DATA SECTION START
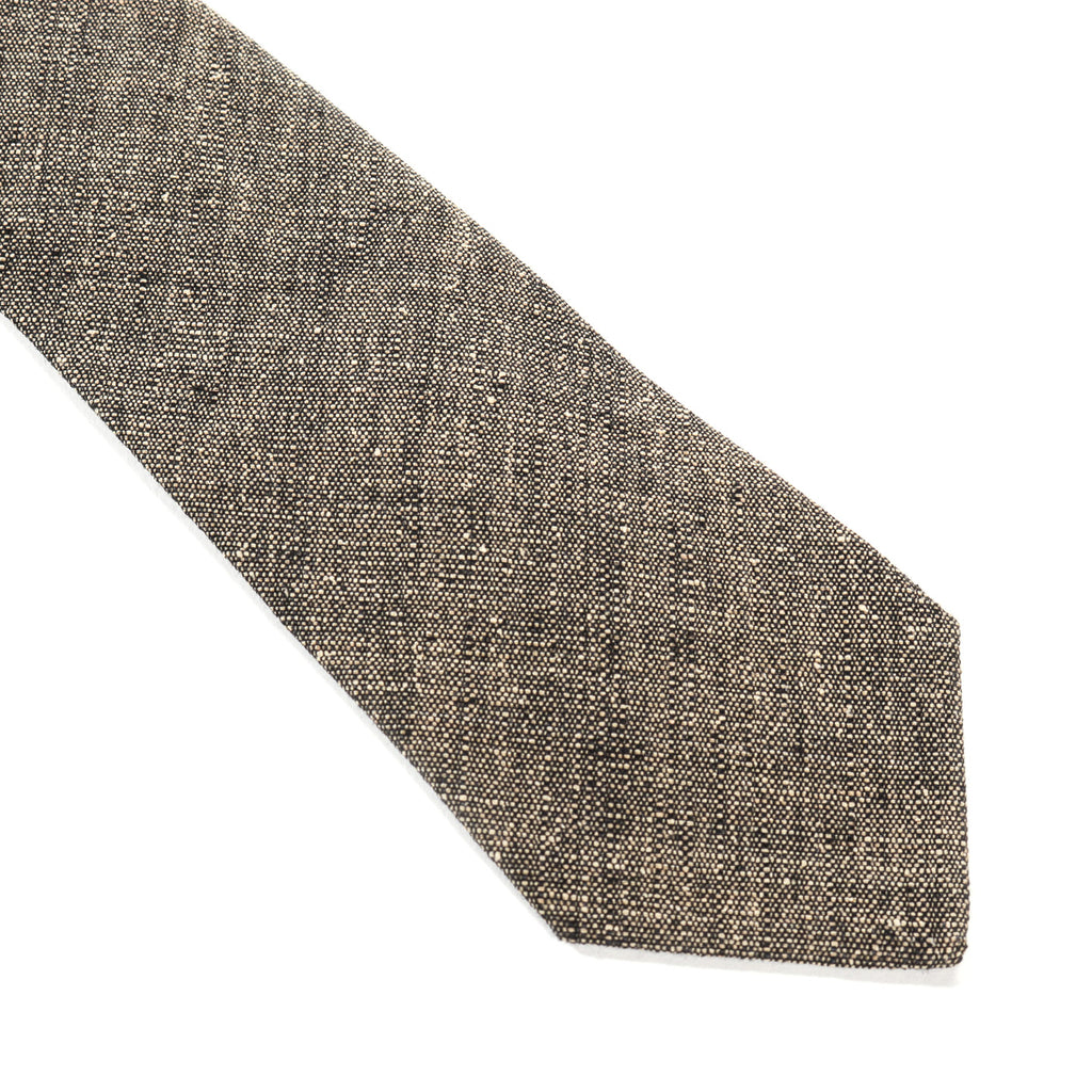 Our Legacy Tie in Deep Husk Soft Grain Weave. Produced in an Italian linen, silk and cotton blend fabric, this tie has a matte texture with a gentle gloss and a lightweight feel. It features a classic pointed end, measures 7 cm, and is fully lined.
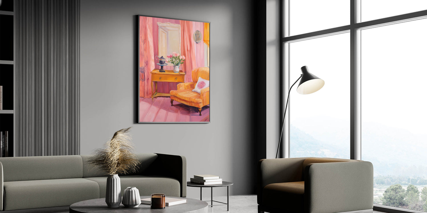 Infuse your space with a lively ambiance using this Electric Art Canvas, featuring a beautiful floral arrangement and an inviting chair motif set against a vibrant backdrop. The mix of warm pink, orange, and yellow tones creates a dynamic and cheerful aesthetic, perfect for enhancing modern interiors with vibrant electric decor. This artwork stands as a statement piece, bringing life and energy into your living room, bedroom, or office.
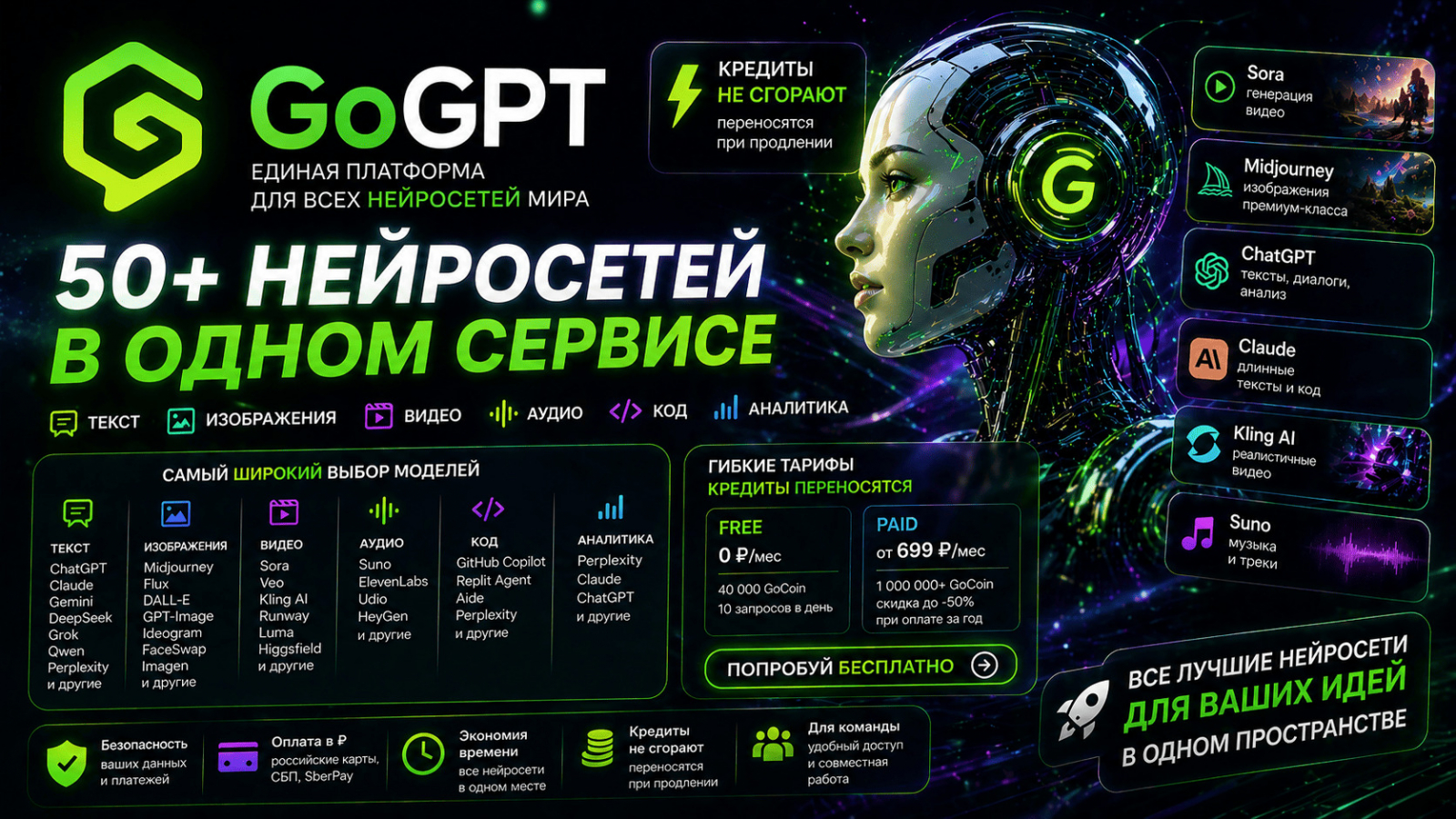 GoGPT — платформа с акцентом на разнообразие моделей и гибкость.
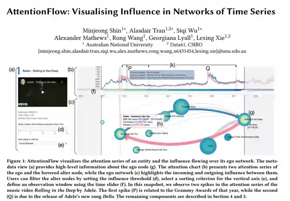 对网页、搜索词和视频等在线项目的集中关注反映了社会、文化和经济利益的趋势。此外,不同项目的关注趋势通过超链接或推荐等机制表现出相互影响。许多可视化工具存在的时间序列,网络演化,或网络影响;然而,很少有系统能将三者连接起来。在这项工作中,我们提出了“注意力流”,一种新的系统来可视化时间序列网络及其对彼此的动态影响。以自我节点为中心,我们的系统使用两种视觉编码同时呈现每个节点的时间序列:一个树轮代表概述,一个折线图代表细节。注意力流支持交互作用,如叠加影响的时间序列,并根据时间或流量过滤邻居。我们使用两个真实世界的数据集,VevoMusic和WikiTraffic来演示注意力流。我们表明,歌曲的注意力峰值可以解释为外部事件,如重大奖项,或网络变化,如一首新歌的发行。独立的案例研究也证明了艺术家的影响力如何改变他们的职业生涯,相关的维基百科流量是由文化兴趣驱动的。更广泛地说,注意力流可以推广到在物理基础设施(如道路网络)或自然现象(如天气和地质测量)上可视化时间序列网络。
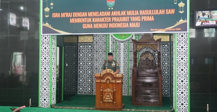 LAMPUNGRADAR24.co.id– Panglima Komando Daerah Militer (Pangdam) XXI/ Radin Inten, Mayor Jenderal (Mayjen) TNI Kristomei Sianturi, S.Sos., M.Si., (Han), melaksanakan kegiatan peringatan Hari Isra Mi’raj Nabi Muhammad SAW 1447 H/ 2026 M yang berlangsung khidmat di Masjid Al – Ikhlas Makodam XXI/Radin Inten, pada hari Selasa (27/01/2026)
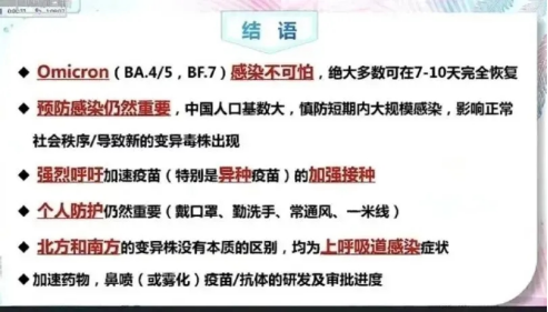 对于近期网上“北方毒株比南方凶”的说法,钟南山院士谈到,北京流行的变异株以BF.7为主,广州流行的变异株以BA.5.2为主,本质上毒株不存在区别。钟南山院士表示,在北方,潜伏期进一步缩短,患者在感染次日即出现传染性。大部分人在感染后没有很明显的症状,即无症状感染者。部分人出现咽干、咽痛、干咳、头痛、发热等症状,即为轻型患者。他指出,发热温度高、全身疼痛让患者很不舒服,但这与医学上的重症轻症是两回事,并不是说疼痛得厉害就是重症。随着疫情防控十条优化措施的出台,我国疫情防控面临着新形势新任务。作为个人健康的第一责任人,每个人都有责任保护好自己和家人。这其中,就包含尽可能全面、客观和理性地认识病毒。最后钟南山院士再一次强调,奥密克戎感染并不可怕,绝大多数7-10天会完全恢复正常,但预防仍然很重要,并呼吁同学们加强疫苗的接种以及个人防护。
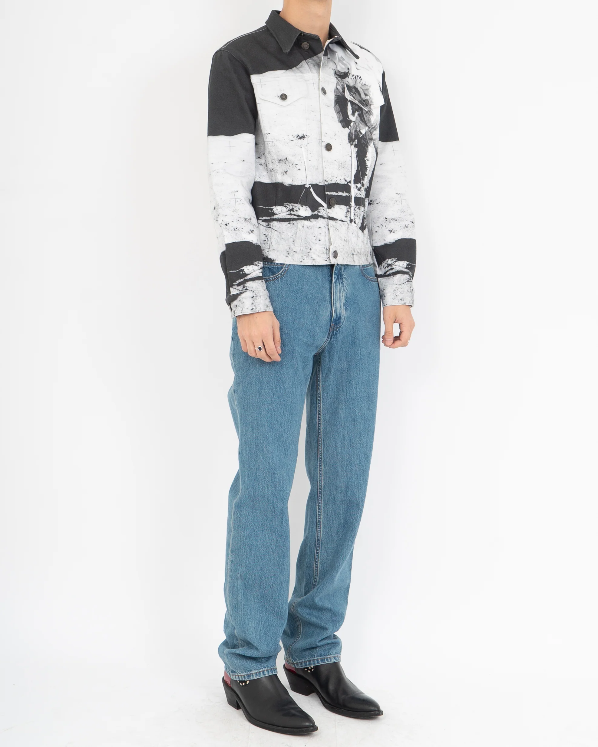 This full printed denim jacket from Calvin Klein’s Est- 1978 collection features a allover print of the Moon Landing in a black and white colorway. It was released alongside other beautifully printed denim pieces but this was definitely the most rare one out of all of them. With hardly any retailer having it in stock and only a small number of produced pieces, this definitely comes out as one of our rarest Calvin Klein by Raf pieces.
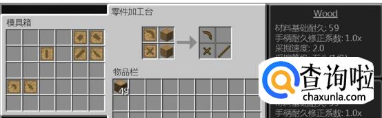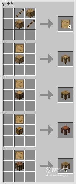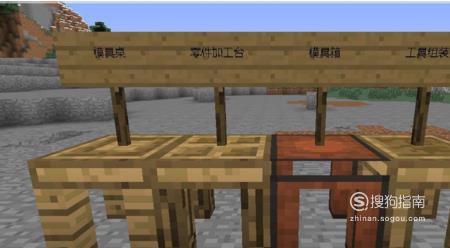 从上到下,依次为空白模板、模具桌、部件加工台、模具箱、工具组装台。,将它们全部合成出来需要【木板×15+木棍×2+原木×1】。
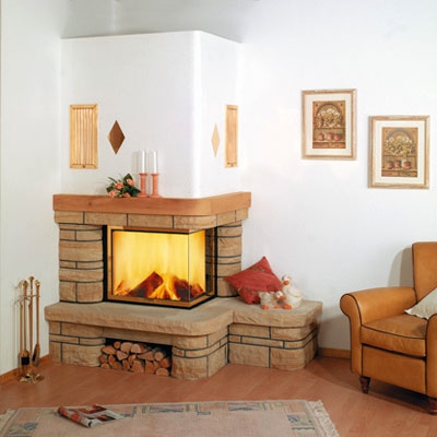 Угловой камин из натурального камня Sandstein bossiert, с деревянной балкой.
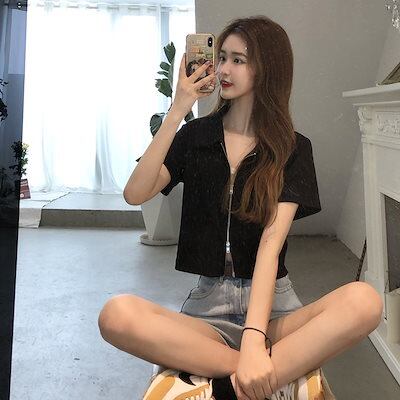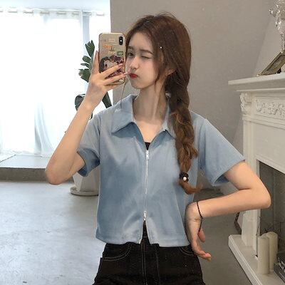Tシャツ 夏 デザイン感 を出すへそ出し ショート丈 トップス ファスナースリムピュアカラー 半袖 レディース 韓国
DATA SECTION END
Return exactly the lines starting at the line with "Угловой камин из" and ending at the last line of the listing, both ends included; pictures are to be left out.

» OUTPUT FOR THIS EXERCISE:
 Угловой камин из натурального камня Sandstein bossiert, с деревянной балкой.
Tシャツ 夏 デザイン感 を出すへそ出し ショート丈 トップス ファスナースリムピュアカラー 半袖 レディース 韓国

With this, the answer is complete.